The English courts have various powers to enforce a judgment. They can order the seizure and sale of property; they can put a charge on an asset; they can order that money owed by third parties to a judgment debtor be paid over to a judgment creditor. They can also order that assets be frozen until other enforcement action can be taken.
While the courts will, as a matter of policy, assist in the enforcement of judgments, questions can arise about the relationship between these various powers and how they should be used. In particular, the circumstances in which a freezing order might be issued can be unclear. Why should a defendant’s assets be frozen, just because they do not pay up straightaway? Why should assets be reserved for one creditor under a judgment, when there may be other creditors who also expect to receive their money?
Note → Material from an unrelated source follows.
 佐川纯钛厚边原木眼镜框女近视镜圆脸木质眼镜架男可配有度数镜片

These questions have recently been addressed by the Court of Appeal in Les Ambassadeurs Club Limited v Songbu Yu  EWCA Civ 1310.
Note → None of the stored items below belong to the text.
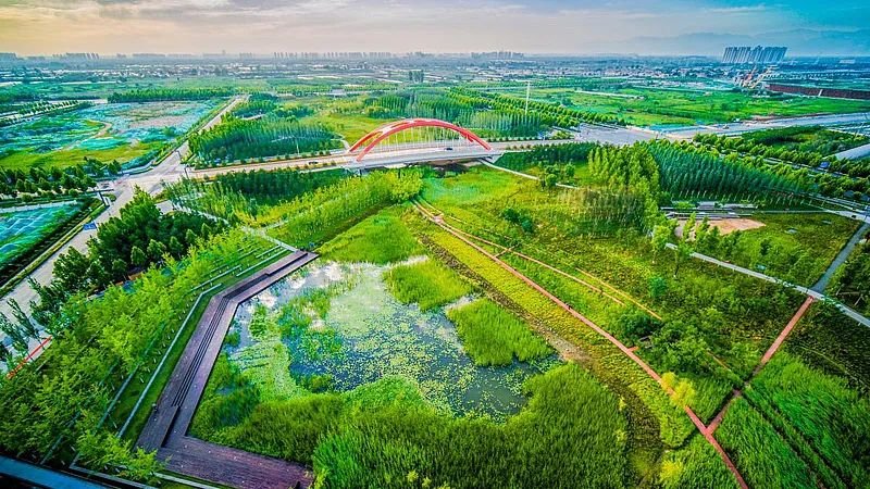 实际上要谈及这方面,沣西新城同样无惧考验,像总长7km的沣西绿廊,以中央公园为主体,湿地公园为基底,遗址公园为特色,口袋公园、高线公园为补充,构建出公园城市体系,沣西新城在这方面更是“底气十足”。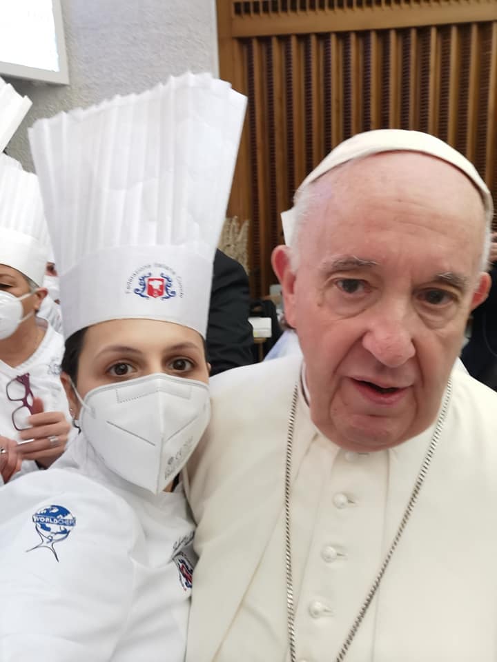 Una grande emozione che ha vissuto anche Federica Falsetta, giovane chef cosentina, che ha avuto la possibilità di incontrare il papa e di abbracciarlo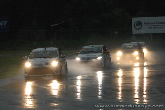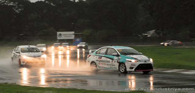 Toyota Balintawak's Choachuy (#37) blasted off from the front into the first corner followed by TQA's Dominic Ochoa (#25), who took advantage of the wet condition mayhem with a fantastic start getting ahead of 8 cars. Gono (#17) managed to move up to third.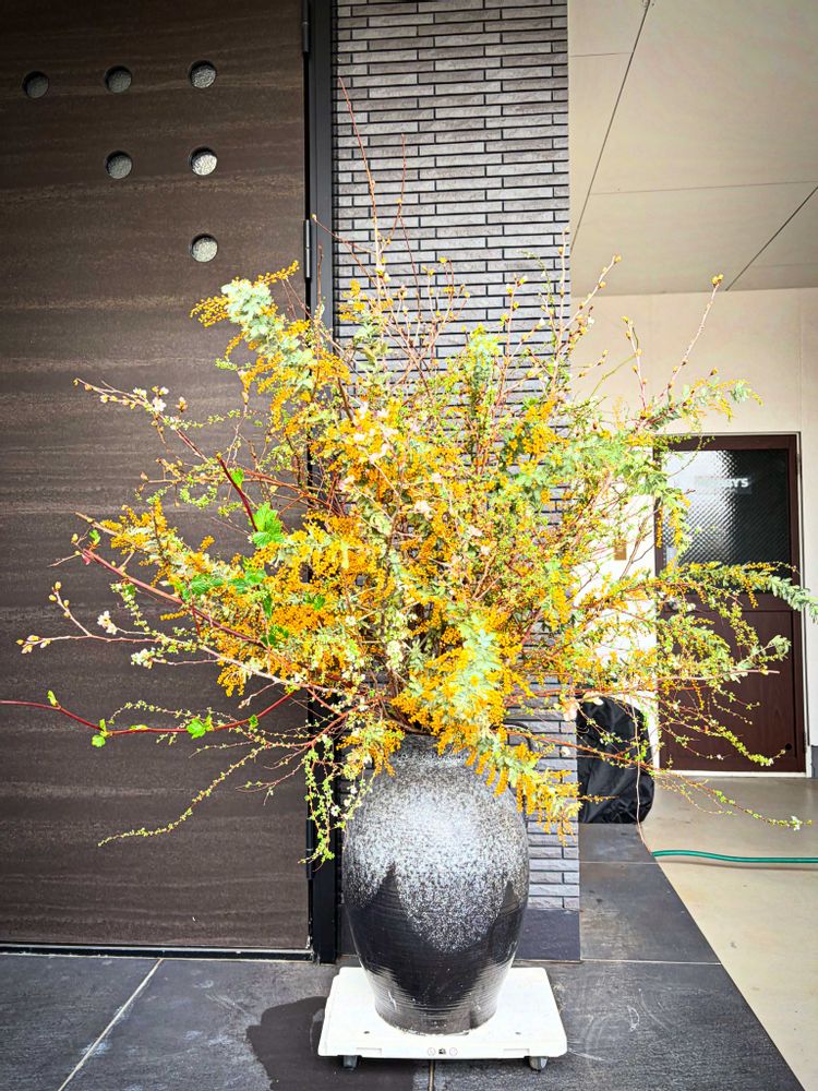 出張生け込み なげいれ 枝物メインでとのオーダーだったので 桜やミモザ コデマリなど 今の季節感を意識した広がりのある作品に仕上げてみましたm(__)m

Mr Songbu Yu was one of the wealthiest people in China. In 2014 the net worth of Mr Yu and his family was US$ 1.3 billion. In that year Mr Yu became a member of Les Ambassadeurs Club in Mayfair, London, which advertises itself as a “members only gambling club for the premium player”. Members can play roulette, baccarat, blackjack and other games at any time: the Club is open 24 hours a day.
Over a period of five days in 2018, Mr Yu purchased chips at the Club worth £19 million. He then lost it all. He also subsequently did not honour the cheques that he had used to buy the chips with. After a negotiation, the Club agreed to accept £16.54 million instead of the full £19 million, and agreed that Mr Yu could pay this in instalments. However, Mr Yu did not pay the first instalment when it became due, so the Club started legal proceedings.
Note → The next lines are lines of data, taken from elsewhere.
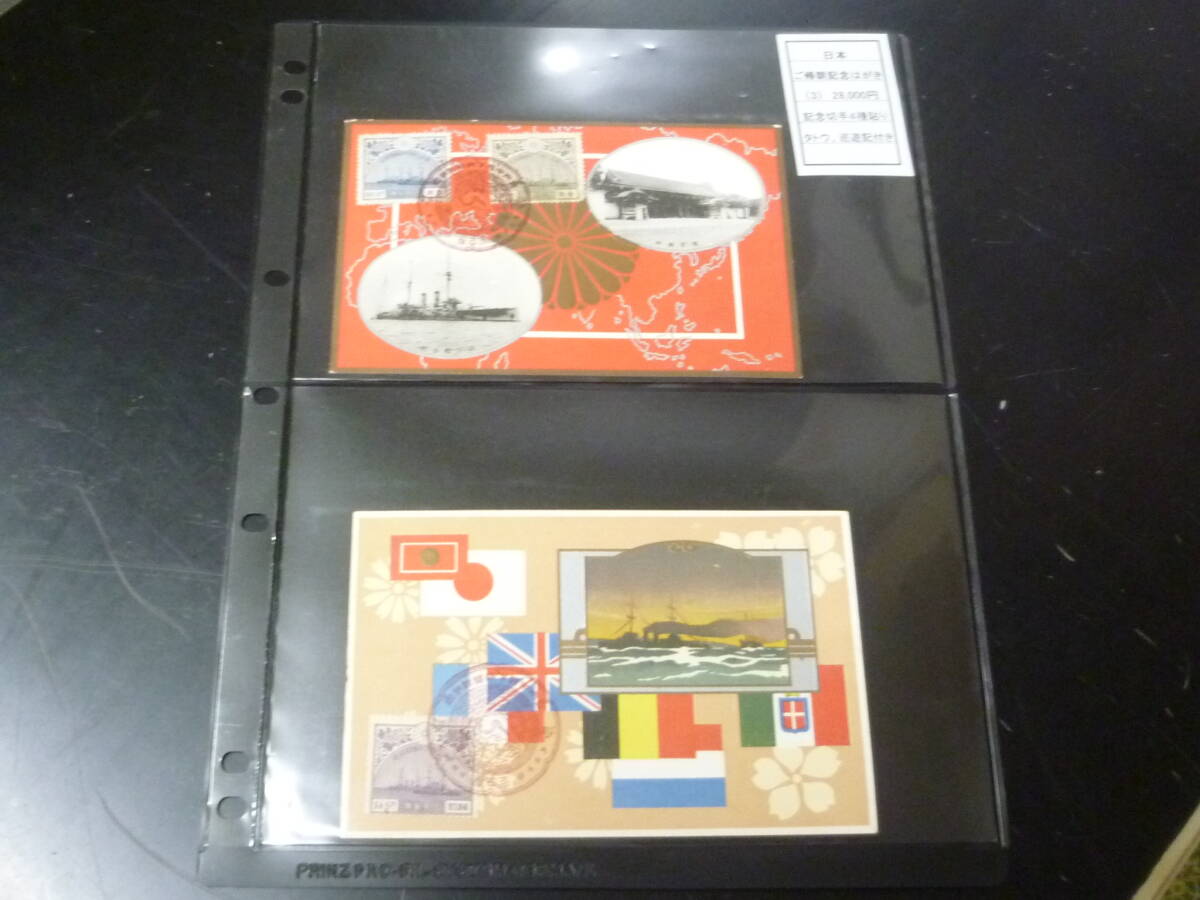 - 【8/21】 №1 日本切手 1921年 ご帰朝記念葉書 「船図案」 初日印付 4種完貼 タトウ付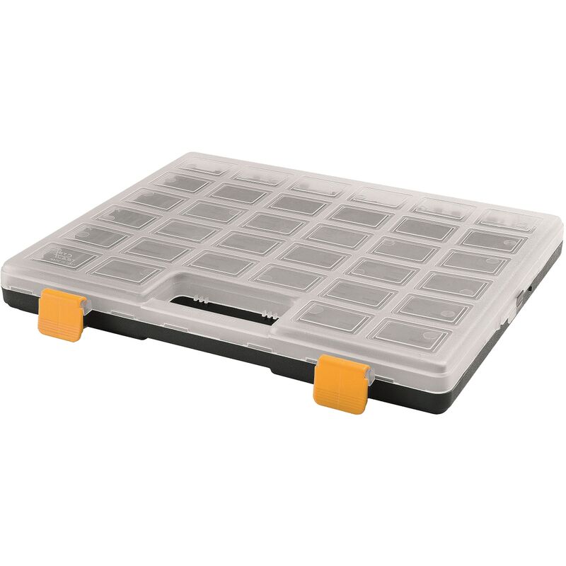 Scatola di plastica trasparente L 372 x p 314 x h 40 mm, con coperchio trasparente La gamma di piccoli strumenti per valigette della serie Valentino offre un'ampia varietà di dimensioni e modelli. Tutti i vassoi sono dotati di copertine trasparenti anti -flocked. Modelli disponibili con separatori e cassetti fissi e rimovibili all'interno. Il design ha un forte impatto visivo. Prodotto con polistirene e polipropilene antichoche, resistenti alle intemperie e resistenti a solventi e oli. Sono fabbricati con riciclaggio e plastica riciclabile, rispettando le normative di portata.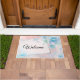 Uma porta de boas-vindas com lindas flores azuis em um fundo rosa. Uma imagem de uma página de notebook em forma de retângulo colocada sobre cima para que você escreva seu dentro de texto.

After that Mr Yu made a series of payments which reduced the debt to £6.5 million; then he stopped paying and stopped communicating with the Club. The Club therefore continued with the legal action, and in November 2020 it obtained a summary judgment for the sum outstanding, which by that time, with interest, totalled over £10 million.
The Club applied for a worldwide freezing order against Mr Yu’s assets. However, the judge was not convinced that a freezing order was appropriate and refused to grant one. The Club appealed that decision to the Court of Appeal.
The Club argued that the judge had misapplied the law on freezing injunctions and, on the facts here, had made a mistake in refusing to grant the judgment.
The four requirements for a freezing order are that (1) the applicant has a good arguable case on the merits, (2) there is a real risk of dissipation of the defendant’s assets, (3) the defendant’s assets are within the geographical scope of the proposed injunction, and (4) in all the circumstances it is just and convenient to grant the order sought.
Since judgment had already been granted, the first requirement was satisfied; and since it was a worldwide freezing order that was sought, the third requirement was also satisfied. It might also be just and convenient to grant the order in these circumstances. The main issue here was whether there was a real risk of dissipation of the assets.
The Court of Appeal first addressed the question of what “real risk” meant. After reviewing the authorities, the Court concluded that this referred to a risk that was more than “fanciful” but, on the other hand, less than “on the balance of probabilities”. There needed to be solid evidence of the likelihood of dissipation, although precisely what that entailed depended on the particular situation. The Court of Appeal concluded that the judge had applied the right test in this case.
The Court of Appeal also agreed with the judge that the test had not been met here. While Mr Yu could move his assets in order to put them out of the reach of creditors, for example by moving them to China, there was no evidence that Mr Yu had actually taken such steps in the past, and he had not taken the opportunity to move his assets (in particular, his cash in bank accounts in England) during the four months between the service of the order for summary judgment and the application for a freezing order. Also, while Mr Yu’s lack of contact with the Club and his failure to participate in the legal proceedings might indicate a risk of dissipation, these could also suggest he did not want to pay until he was made to pay, through the process of enforcement.
Overall, the Court of Appeal thought that the judge was entitled to conclude, based on a review of all the circumstances, that the evidence relied on was not strong enough to establish that there was a real risk of dissipation of assets. As a result the appeal was dismissed.
This case is a good illustration of what it takes to obtain a post-judgment freezing order.
The defendant’s fault could not be clearer: an order for summary judgment had been obtained. Also, the claimant did not have to show that there was a risk on the balance of probabilities that the defendant would dissipate his asset, only that there was a real risk of his doing so.
The fact that the defendant could easily have moved his assets out of the reach of creditors was not enough to show that there was such a risk. There had to be evidence that indicated the defendant might actually move his assets. In the absence of such evidence, the courts concluded that it was not appropriate to grant a freezing order; and the claimant would instead have to pursue enforcement through the other methods that are available.